Here is how this happens: since the conditional operator has higher precedence than comma operator in C++, the compiler parses the expression as follows:
(someValue ? ++x, ++y : --x), (--y);
// ^^^^^^^^^^^^^^^^^^^^^^^^^^^^ ^^^^^
Note the "orphaned" --y
after the comma. This is what leads to decrementing y
that has been initially incremented.
I even went as far as putting parentheses around the true-branch like this:
someValue ? (++x, ++y) : --x, --y;
You were on the right path, but you parenthesized a wrong branch: you can fix this by parenthesizing the else-branch, like this:
someValue ? ++x, ++y : (--x, --y);
Demo (prints 11 11)
Your problem is that the ternary expression doesn't really have higher precedence than comma.

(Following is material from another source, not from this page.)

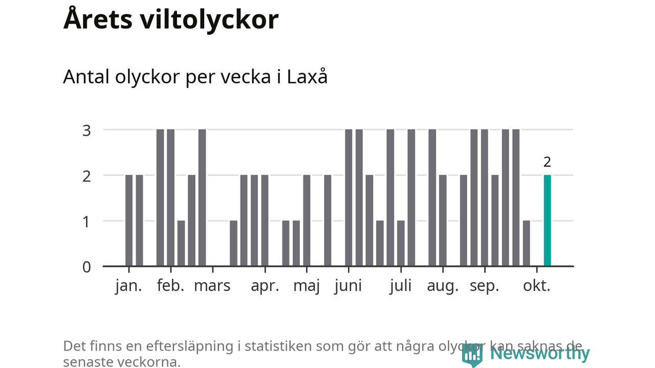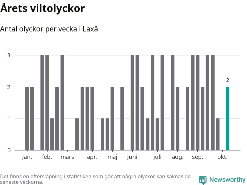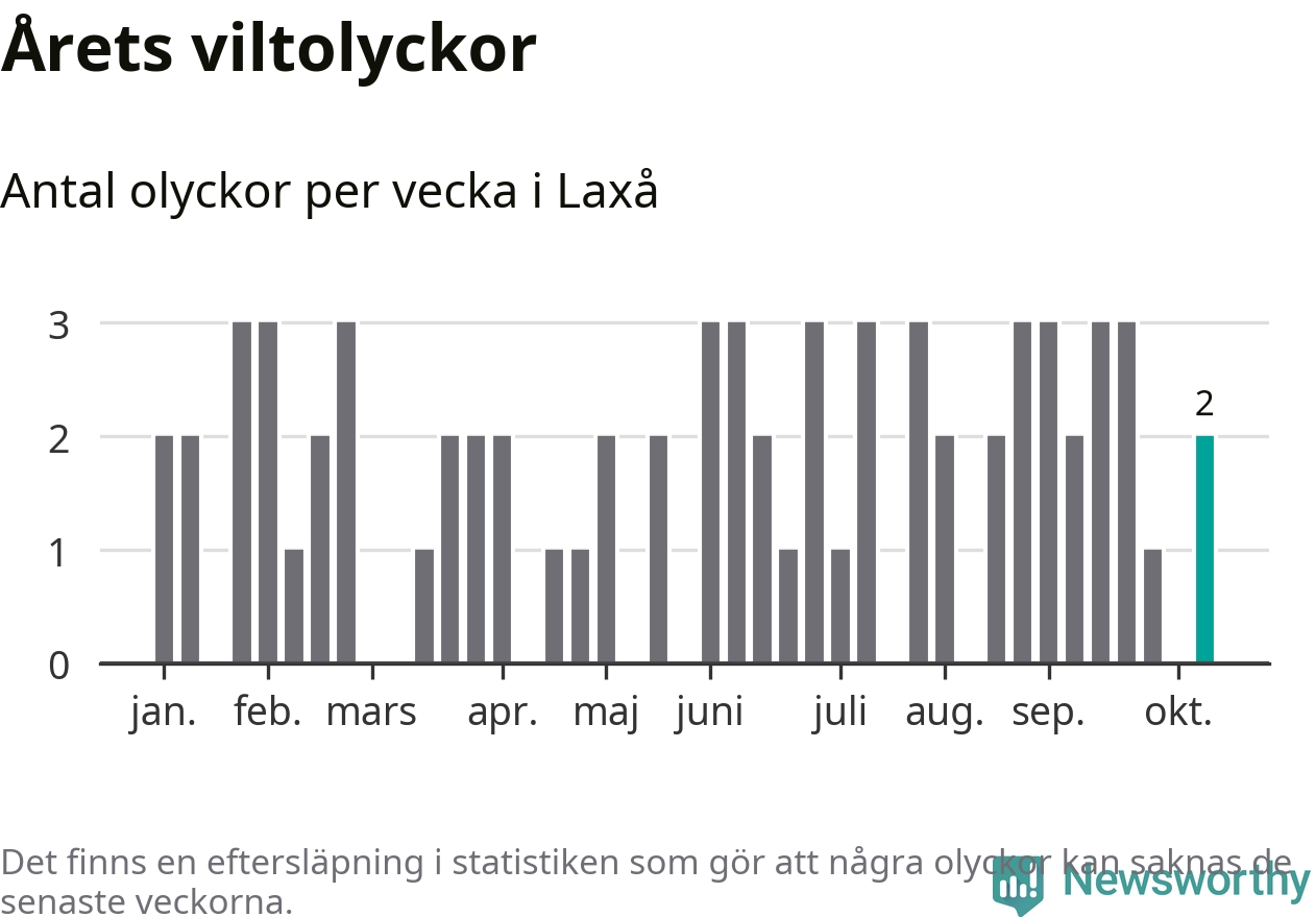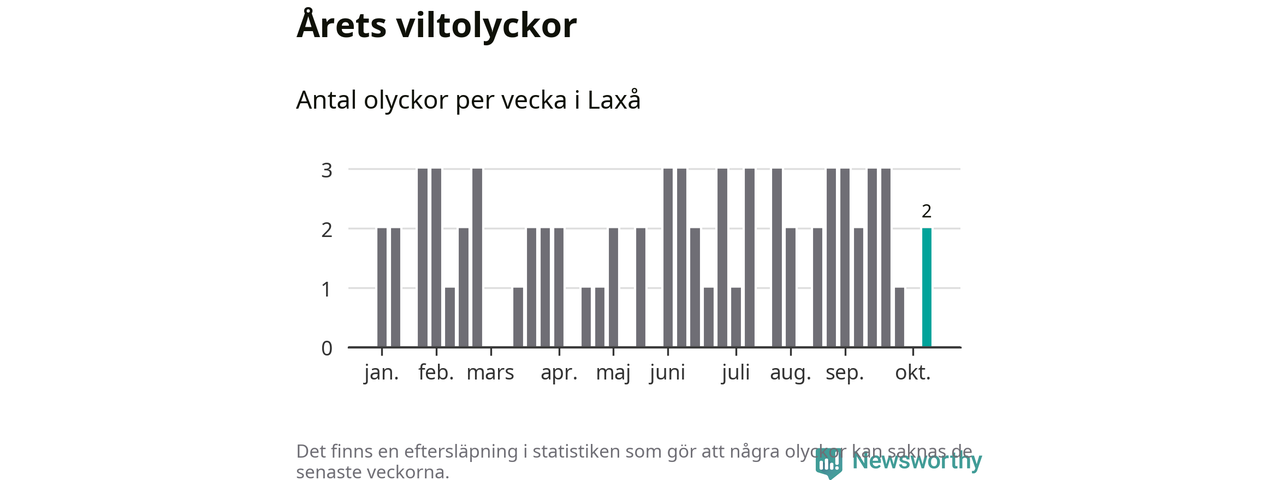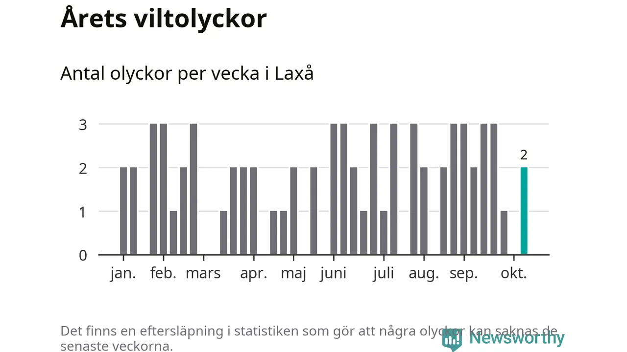 Hittills har två viltolyckor rapporterats in i Laxå kommun från vecka 42. Se listan här.
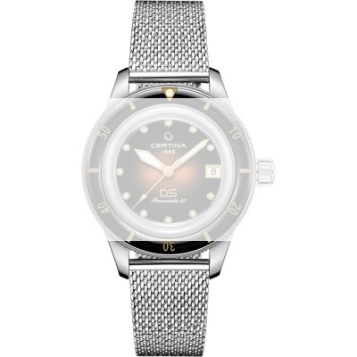 Dieses Certina Uhrarmband ist aus edelstahl gefertigt und wird mit druckstifte an der Uhr befestigt. Das Band hat eine Breite von 18 mm und wird mit einer schmetterlingsschließe mit druckknöpfen geschlossen. Das Band hat eine gerade Halterung, was bedeutet, dass dieses Band für alle Certinauhren mit einer geraden Halterung geeignet ist.

In fact, C++ can't be described accurately simply by precedence - and it is exactly the interaction between the ternary operator and comma where it breaks down.
a ? b++, c++ : d++
is treated as:
a ? (b++, c++) : d++
(comma behaves as if it has higher precedence). On the other hand,
a ? b++ : c++, d++
is treated as:
(a ? b++ : c++), d++
and the ternary operator is higher precedence.
A point that's been overlooked in answers (though touched on comments) is that the conditional operator is invariably used (intended by design?) in real code as a shortcut for assigning one of two values to a variable.
So, the larger context would be:
whatIreallyWanted = someValue ? ++x, ++y : --x, --y;
Which is absurd on its face, so the crimes are manifold:
- The language permits ridiculous side effects in an assignment.
- The compiler didn't warn you that you were doing bizarre things.
- The book appears to be focusing on 'trick' questions. One can only hope that the answer in the back was "What this expression does is depend on weird edge cases in a contrived example to produce side effects that nobody expects. Never do this."